Definitions for: Interest

[n] a diversion that occupies one's time and thoughts (usually pleasantly); "sailing is her favorite pastime"; "his main pastime is gambling"; "he counts reading among his interests"; "they criticized the boy for his limited pursuits"
[n] a reason for wanting something done; "for your sake"; "died for the sake of his country"; "in the interest of safety"; "in the common interest"
[n] the power of attracting or holding one's interest (because it is unusual or exciting etc.); "they said nothing of great interest"; "primary colors can add interest to a room"
[n] a sense of concern with and curiosity about someone or something; "an interest in music"
[n] (usually plural) a social group whose members control some field of activity and who have common aims; "the iron interests stepped up production"
[n] a right or legal share of something; a financial involvement with something; "they have interests all over the world"; "a stake in the company's future"
[n] a fixed charge for borrowing money; usually a percentage of the amount borrowed; "how much interest do you pay on your mortgage?"
[v] excite the curiosity of; engage the interest of
[v] be on the mind of; "What is worrying you?"
[v] be of importance or consequence; "This matters to me!"

Webster (1913) Definition: In"ter*est, v. t. [imp. & p. p. Interested; p. pr.
& vb. n. Interesting.] [From interess'd, p. p. of the older
form interess, fr. F. int['e]resser, L. interesse. See
Interest, n.]
1. To engage the attention of; to awaken interest in; to
excite emotion or passion in, in behalf of a person or
thing; as, the subject did not interest him; to interest
one in charitable work.

To love our native country . . . to be interested in
its concerns is natural to all men. --Dryden.

A goddess who used to interest herself in marriages.

2. To be concerned with or engaged in; to affect; to concern;
to excite; -- often used impersonally. [Obs.]

Or rather, gracious sir, Create me to this glory,
since my cause Doth interest this fair quarrel.

3. To cause or permit to share. [Obs.]

The mystical communion of all faithful men is such
as maketh every one to be interested in those
precious blessings which any one of them receiveth
at God's hands. --Hooker.

Syn: To concern; excite; attract; entertain; engage; occupy;

In"ter*est, n. [OF. interest, F. int['e]r[^e]t, fr.
L. interest it interests, is of interest, fr. interesse to be
between, to be difference, to be importance; inter between +
esse to be; cf. LL. interesse usury. See Essence.]
1. Excitement of feeling, whether pleasant or painful,
accompanying special attention to some object; concern.

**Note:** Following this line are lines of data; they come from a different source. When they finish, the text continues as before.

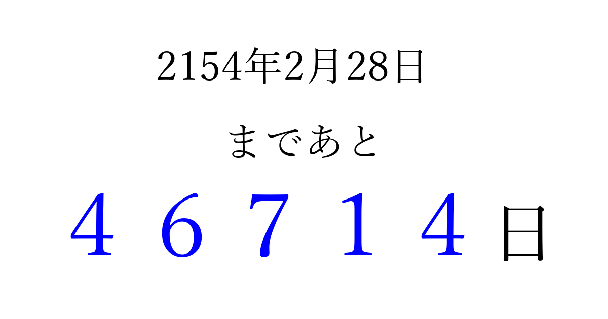 2154年2月28日(木)まで あと 99999 日です 追加すると、トップページからすぐ選べるようになります ※2026/04/06現在の結果です。 最新の状態に更新する ↓シェアして、タイムライン上にカウントダウンを表示しよう!↓ 📤 この結果を共有する Tweet シェア Threads Bluesky 別の日付でカウントダウン 2154年2月のカレンダー このページをブックマークに追加すると、いつでもカウントダウンを確認できます。 (PC: Ctrl+D / Mac: ⌘+D) hitome-notes.comでは以下のページも運営しています。 指定日と期間から日付を計算 | ガチャ確率計算・シミュレーション | プライバシー・ポリシー 運営者:Avocado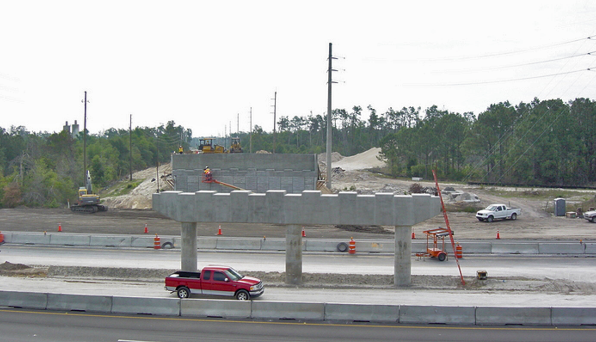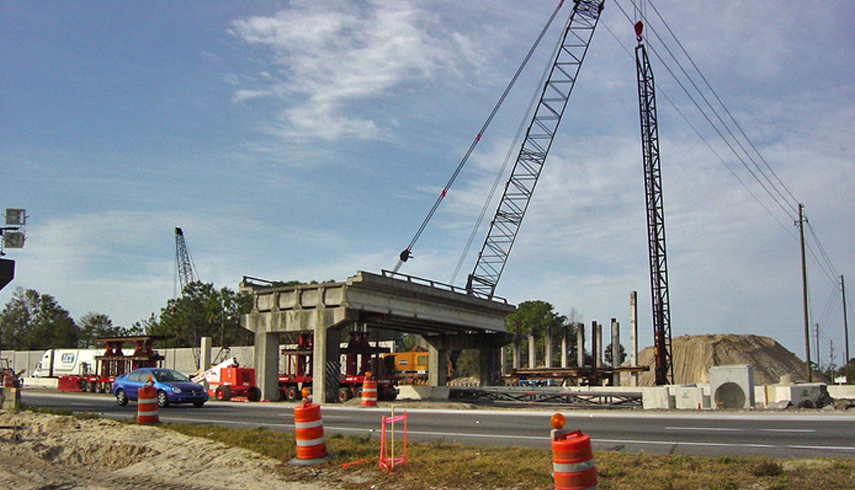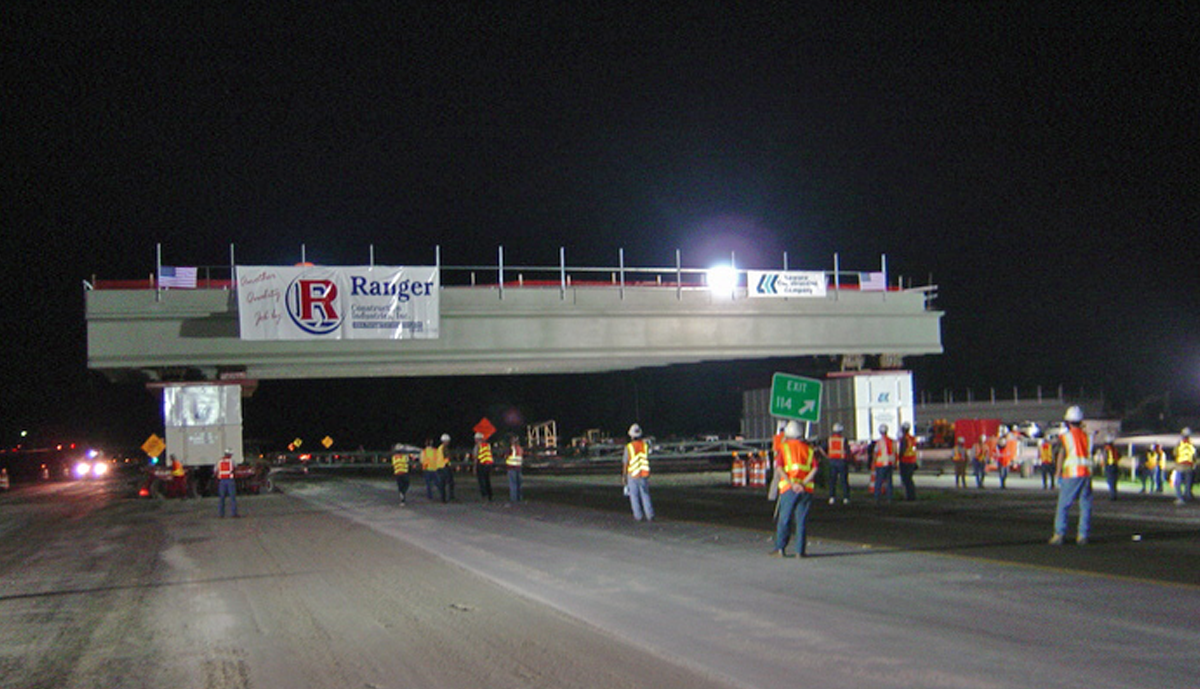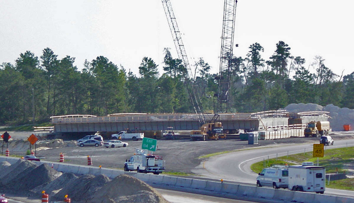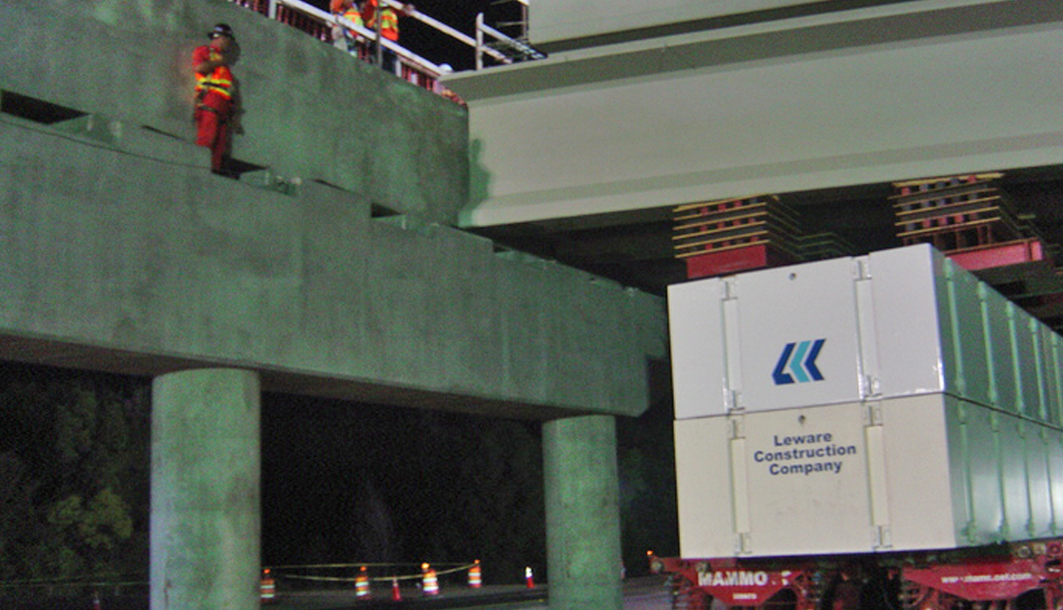 Florida Department of Transportation officials approached Leware after Contract award with a proposal to accomplish something that had never before been done in the United States: Fabricate and erect complete bridge spans over an Interstate highway using Self-Propelled-Modular-Transporter technology (SPMT). After the existing bridge spans were removed, two new 143’ spans were fabricated offsite while new foundations were constructed. These 1,600 ton units were then raised and transported 0.3 miles to be set over Interstate 4 in one night each, eliminating numerous nightly lane closures required for convention construction.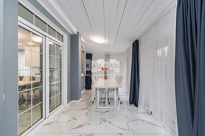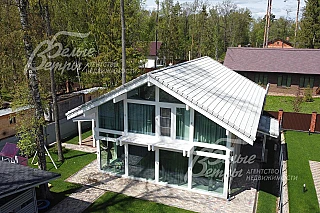 В доме 3 спальни, 3 санузла, 2 гардеробные комнаты, сауна из канадского кедра, зимний сад с выходом на просторный солнечный участок с видами на хвойный лес.

Note: Interest expresses mental excitement of various kinds
and degrees. It may be intellectual, or sympathetic and
emotional, or merely personal; as, an interest in
philosophical research; an interest in human suffering;
the interest which an avaricious man takes in money

So much interest have I in thy sorrow. --Shak.

2. Participation in advantage, profit, and responsibility;
share; portion; part; as, an interest in a brewery; he has
parted with his interest in the stocks.

3. Advantage, personal or general; good, regarded as a
selfish benefit; profit; benefit.

Divisions hinder the common interest and public
good. --Sir W.

When interest calls of all her sneaking train.

4. Premium paid for the use of money, -- usually reckoned as
a percentage; as, interest at five per cent per annum on
ten thousand dollars.

They have told their money, and let out Their coin
upon large interest. --Shak.

5. Any excess of advantage over and above an exact equivalent
for what is given or rendered.

You shall have your desires with interest. --Shak.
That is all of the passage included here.